### WORK REQUIRED
Images stay out. Everything else in the records is repeated exactly.

### GIVEN RECORDS
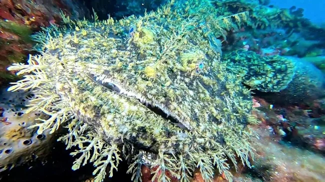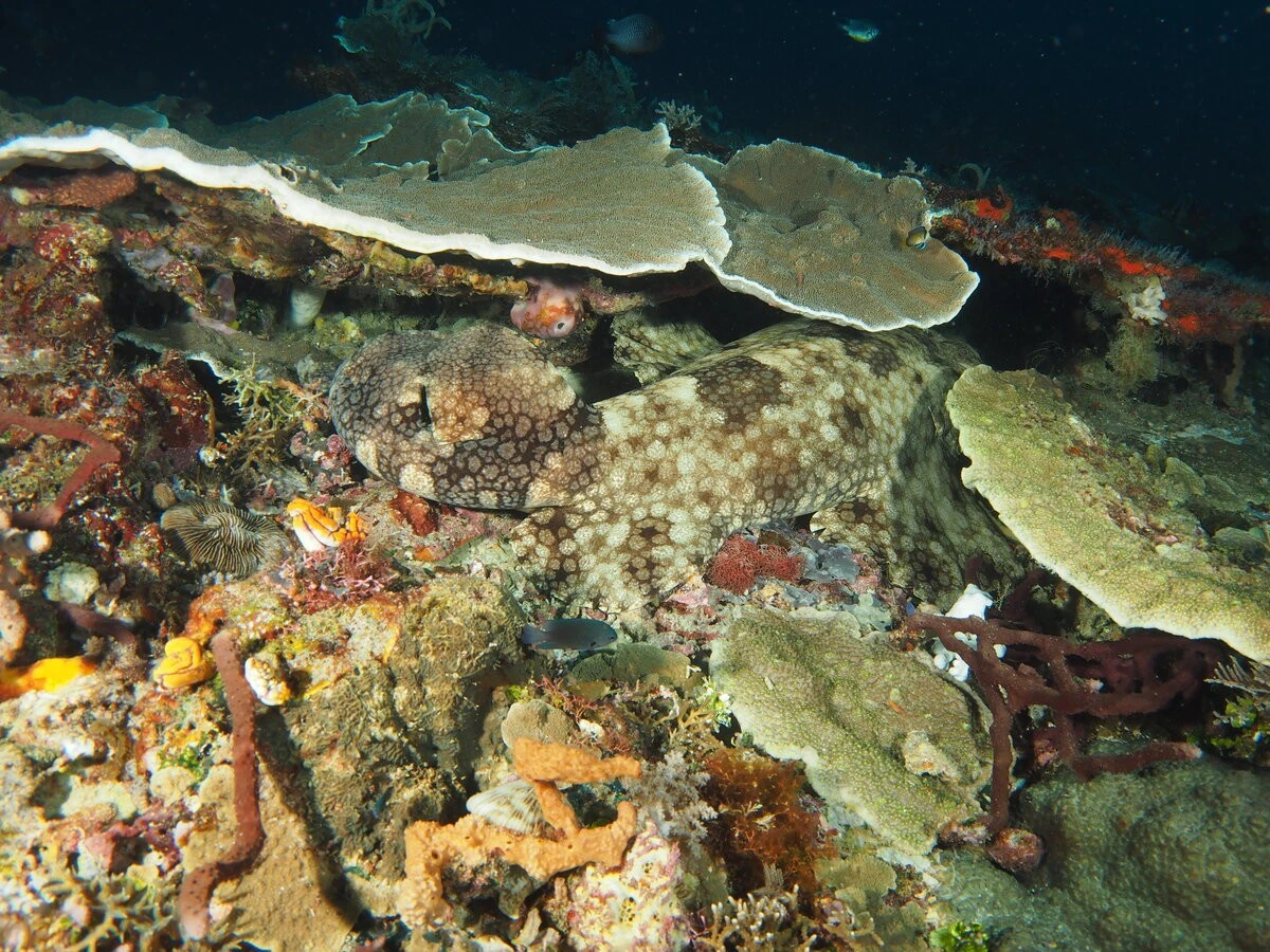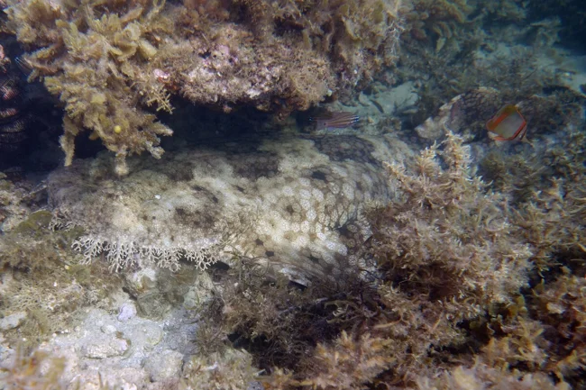 Да, гроза морей из воббегонга никакущий. Зато засадный хищник — превосходный. Бахрома на морде лица и камуфляжный окрас позволяют рыбине раствориться среди кораллов даже днём. А ночью рыб полностью сливается со дном. Идеальная позиция для охоты.
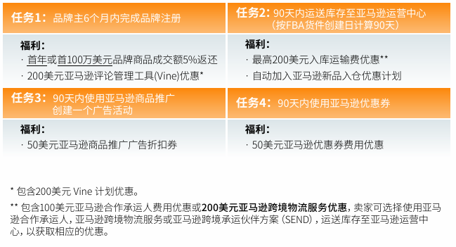 注意:一个新卖家在单站点最高可获5万美金返还,最多可以享受欧美日三次全套新卖家入门大礼包福利符合条件的品牌所有者最高可获15万美金返还!现有卖家在上述站点开设新业务也可享受此福利。
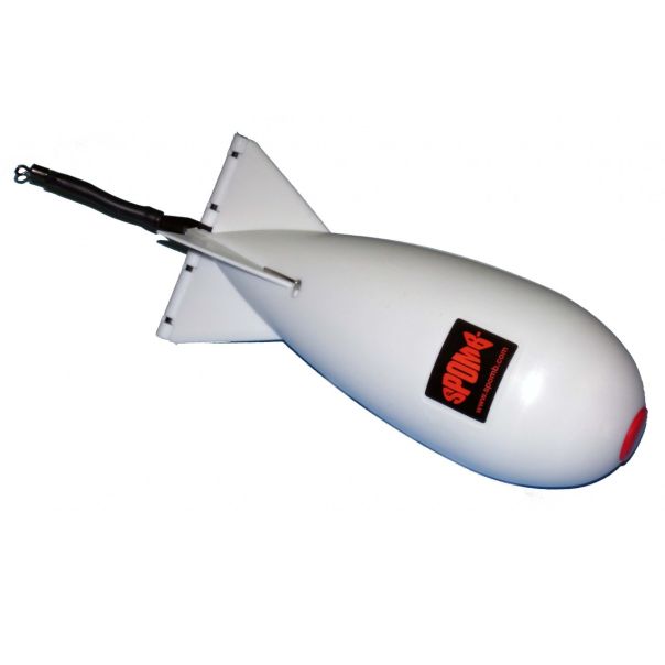 Spomb raketa Klasična crna Spomb raketa je prvi put predstavljena u februaru 2010. Nekoliko meseci kasnije, zbog potražnje iz zemalja sa izuzetno toplim i sunčanim vremenom, beli Spomb je proizveden. On je iste veličine, dizajna i kvaliteta kao naš prvi proizvod, ali ne osećate toplo na dodir po vrućini. Prednosti korišćenja Spomb raketa su: Strašno rastojanje Aerodinamika Spomb – a je u obliku suze. Ovo je svakako najbolji proizvod za let kroz vazduh sa minimalnim otporom. Najbrže hranjenje Kada Spomb dotakne vodu momentalno se skroz otvara, mamci se oslobadjaju i raketa se ispira vodom. Brzo akvaplan izvlačenje Spomb pluta jednom otvoren i klizi bez napora po površini vode bez uvrtanja ili uvijanja najlona, čak i kod jačih vetrova. Ostale rakete imaju previše otpora prilikom preuzimanja. Bez gubitka mamaca Kada se Spomb raketa napuni, ostaje zatvoren i ništa od mamaca neće ispasti dok ne udari u vodu i ne otvori se. Rakete sa otvorenim krajem ili sa rupama omogućavaju da mamci ispadaju. Bilo koji mamac Sve što se može staviti u Spomb može biti zabačeno, uključujući: Pelete, boile, konoplju, kukuruz, mikseve, hleb, meso, crve, gliste, zrnevlje itd. Nema potrebe da se mešaju Svi mamci mogu samo da se stave u Spomb bez potrebe da se mešaju. Ako želite da se zabace kugle hrane, to može biti tačno zabačeno na željenoj udaljenosti, čak veoma daleko. Dobra otpornost na vetar Vetar ima veoma mali uticaj na let zbog aerodinamike. Čak i sa jakim unakrsnim vetrom, njegova tačnost i udaljenost zabačaja je izuzetna. Za sve Spomb rakete se preporučuje da se čuvaju u zatvorenoj-vezanoj poziciji . Za ekstremne vremenske uslove, jak vetar i kiša u lice, možete da okrenete prednje dugme za 180 °. Spomb raketa je jednostavno najbolji izbor. Ova velicina poseduje integrisan plovak koji mu omogucava da nakon oslobadanja tereta, ostaje da pluta iznad vode, što olakšava njegovo uocavanje ukoliko dode do kidanja linije.
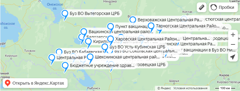 Карта где привиться Спутник Лайт в Вологодской области, где сделать прививку Спутник Лайт в Вологде: интерактивная карта
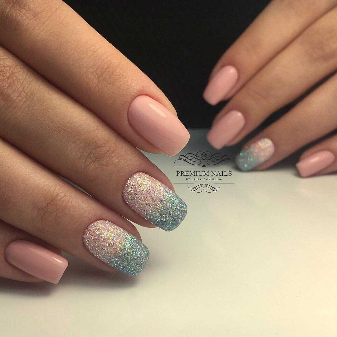 Праздничный — на пике популярности сегодня нейл-арт на прозрачном фоне. Можно сделать нежное розовое покрытие в 1 слой и нанести небольшое количество глиттера. Эффектно смотрится на указательном или безымянном пальце.
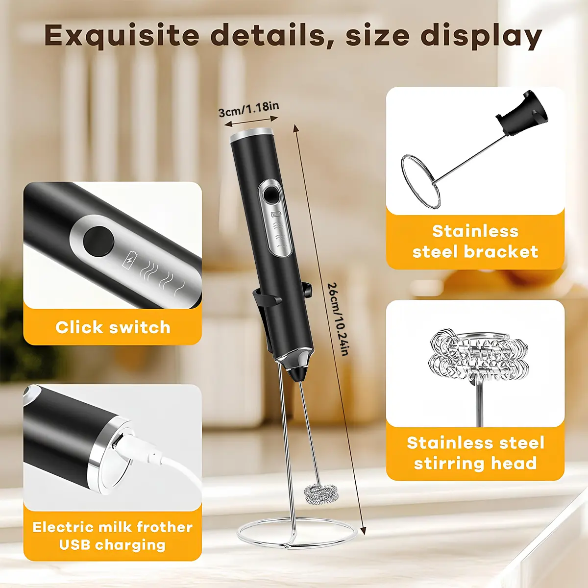 Equipped with a built-in 1200mAh rechargeable battery and a USB-C charging cable. The LED light turns red while charging and green when fully charged. Comes with a sleek stand that fits perfectly with your coffee bar setup.

### EXPECTED ANSWER
 Да, гроза морей из воббегонга никакущий. Зато засадный хищник — превосходный. Бахрома на морде лица и камуфляжный окрас позволяют рыбине раствориться среди кораллов даже днём. А ночью рыб полностью сливается со дном. Идеальная позиция для охоты.
 注意:一个新卖家在单站点最高可获5万美金返还,最多可以享受欧美日三次全套新卖家入门大礼包福利符合条件的品牌所有者最高可获15万美金返还!现有卖家在上述站点开设新业务也可享受此福利。
 Spomb raketa Klasična crna Spomb raketa je prvi put predstavljena u februaru 2010. Nekoliko meseci kasnije, zbog potražnje iz zemalja sa izuzetno toplim i sunčanim vremenom, beli Spomb je proizveden. On je iste veličine, dizajna i kvaliteta kao naš prvi proizvod, ali ne osećate toplo na dodir po vrućini. Prednosti korišćenja Spomb raketa su: Strašno rastojanje Aerodinamika Spomb – a je u obliku suze. Ovo je svakako najbolji proizvod za let kroz vazduh sa minimalnim otporom. Najbrže hranjenje Kada Spomb dotakne vodu momentalno se skroz otvara, mamci se oslobadjaju i raketa se ispira vodom. Brzo akvaplan izvlačenje Spomb pluta jednom otvoren i klizi bez napora po površini vode bez uvrtanja ili uvijanja najlona, čak i kod jačih vetrova. Ostale rakete imaju previše otpora prilikom preuzimanja. Bez gubitka mamaca Kada se Spomb raketa napuni, ostaje zatvoren i ništa od mamaca neće ispasti dok ne udari u vodu i ne otvori se. Rakete sa otvorenim krajem ili sa rupama omogućavaju da mamci ispadaju. Bilo koji mamac Sve što se može staviti u Spomb može biti zabačeno, uključujući: Pelete, boile, konoplju, kukuruz, mikseve, hleb, meso, crve, gliste, zrnevlje itd. Nema potrebe da se mešaju Svi mamci mogu samo da se stave u Spomb bez potrebe da se mešaju. Ako želite da se zabace kugle hrane, to može biti tačno zabačeno na željenoj udaljenosti, čak veoma daleko. Dobra otpornost na vetar Vetar ima veoma mali uticaj na let zbog aerodinamike. Čak i sa jakim unakrsnim vetrom, njegova tačnost i udaljenost zabačaja je izuzetna. Za sve Spomb rakete se preporučuje da se čuvaju u zatvorenoj-vezanoj poziciji . Za ekstremne vremenske uslove, jak vetar i kiša u lice, možete da okrenete prednje dugme za 180 °. Spomb raketa je jednostavno najbolji izbor. Ova velicina poseduje integrisan plovak koji mu omogucava da nakon oslobadanja tereta, ostaje da pluta iznad vode, što olakšava njegovo uocavanje ukoliko dode do kidanja linije.
 Карта где привиться Спутник Лайт в Вологодской области, где сделать прививку Спутник Лайт в Вологде: интерактивная карта
 Праздничный — на пике популярности сегодня нейл-арт на прозрачном фоне. Можно сделать нежное розовое покрытие в 1 слой и нанести небольшое количество глиттера. Эффектно смотрится на указательном или безымянном пальце.
 Equipped with a built-in 1200mAh rechargeable battery and a USB-C charging cable. The LED light turns red while charging and green when fully charged. Comes with a sleek stand that fits perfectly with your coffee bar setup.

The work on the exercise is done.